Note the following about building Clusters.

  • A message appears in the Clusters tab for the view to indicate that Clustering is in progress.
  • The Clustering could take some time, depending on the size of the view.
  • All future visits to the Clusters tab for that view can be handled quickly.
  • You will see a number of Work Basket tasks associated with the Clustering of each top-level Cluster and Subcluster while the Clustering is in progress. (Many of these tasks are temporary, and are not retained once Clustering has been completed.)

Once you build Clusters, you can use the Clusters tab for the following tasks:

  • Browse the Clusters of related documents.
  • View the Top Terms that define the data within the view, Cluster by Cluster.
  • View the documents in a Cluster.
  • Update Clustering, Rebuild Clustering, and build Subclusters from a large Cluster of documents.

The Clusters tab provides a Cluster View with two sections:

  • Cluster List and Cluster toolbar — This section provides a paged list of all Clusters in the view. Each Cluster has a name and Top Terms, document state, and a Tag State for applied Tags. When you click to select a Cluster, the bottom half of the screen updates to show the documents list for the Cluster. Each Cluster represents a groups of documents with similar content. With a small view, you see a simple list of the Clusters. On a larger view, or after performing a Subcluster operation on an existing Cluster, you might have levels of Clusters (Subclusters).
  • Document List and Document toolbar — This section provides a paged list of the documents in the currently selected Cluster.

Note: For a Cluster document list, if you enable the Hide Duplicates option, the number shown in the bottom right portion of the screen will update to show the deduplicated count (for example, Display 1-50 of 250). The number of duplicates is not displayed for this view type, however. For information that applies to all document lists, see Work with a Document List.

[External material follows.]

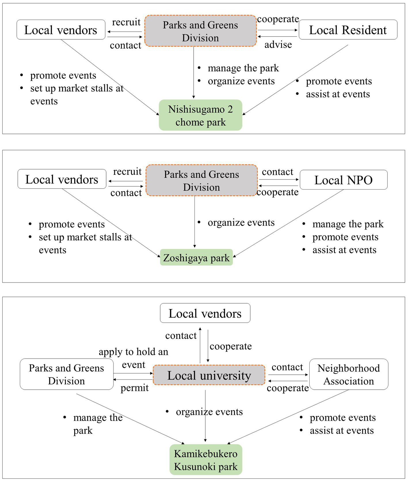 Operation and management relationship of the revitalization of three parks. Red dotted box indicates the main operator.
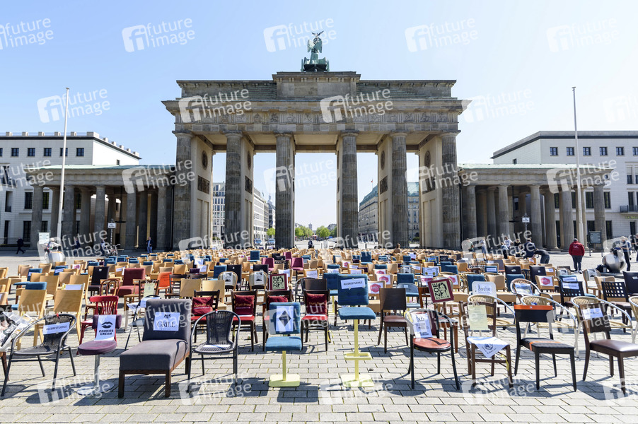 Mit leeren Stühlen vor dem Brandenburger Tor in Berlin protestieren Gastronomen, Veranstalter und Hoteliers gegen die unzureichende Corona-Hilfe. Sie fordern Aufstockung des Kurzarbeitergeldes auf 90%, 7% Mehrwertsteuer, Erweiterung des Bundeszuschusses 'Soforthilfe' für Unternehmen mit mehr als 10 Mitarbeitern und eine klare Exit-Strategie. Berlin, 24.04.2020

Expand and Explore Clusters in the Cluster List

Once you have built Clusters with the desired level of Subclusters, you can expand and explore the content of a Cluster, keeping the top-level Cluster open as you explore the available Subcluster levels (based on how you chose to build your Clusters). Indentation of the associated icon in the Top Terms column helps you keep track of the different levels. To explore a Cluster, use the appropriate icon in the Top Terms column, as follows:

  • Click the icon to expand a given Cluster to reveal its first-level Subclusters. Click the indentedicon for a first-level Subcluster to reveal its second-level Subclusters. Do the same for any additional Subcluster levels that you want to explore.

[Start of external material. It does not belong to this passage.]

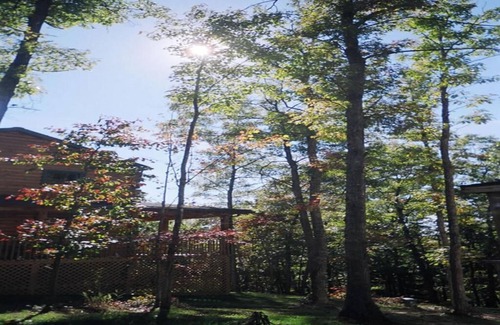 Modern, light, 4 bedroom and 2 1/2 bath log cabin on 3 levels. Enter via a walk-way from parking area (space for 3 or more cars) into the dinning/kitchen area. Sliding glass doors lead out to wrap around deck, with tranquil views over woods. Upstairs are three bedrooms with queen sized master bedroom and en suite. The three remaining twin bedrooms share a second upstairs bathroom. Downstairs is a basement bedroom with two twin beds. Outside at the back of the house is a picnic area, BBQ and fire pit, secluded at the edge of the forest. Cabin includes gas wood burning stove, wifi, cable tv, dvd player and washer and dryer units.

  • Click the icon to close a given Cluster or Subcluster.

If there are no Subclusters to open and view, you will not see an icon in the Top Terms column.

You can use main toolbar or context menu options (right-click options) for a Cluster to perform additional Cluster operations.

The Clusters list displays these columns by default:

  • ID – The ID of the Cluster (for example, 1). A plus sign + indicates a Cluster that has Subclusters. Clicking the + reveals the Clusters in that parent Cluster.
  • Top Terms – The Top Terms for the Cluster. These indicate the type of information that is shared by the documents.

Note: For data that was processed or reprocessed prior to 4.3.11.0, the Top Terms for a Cluster may include tokensClosed In data processed prior to 4.3.11.0, labels that the parsing software associates with each document to track the different types of content in the document. Also used to identify documents that experienced parsing errors. (parsing tokens, or tokens associated with Patterns that are enabled and have values stored). Clusters do not include tokens as of 4.3.11.0.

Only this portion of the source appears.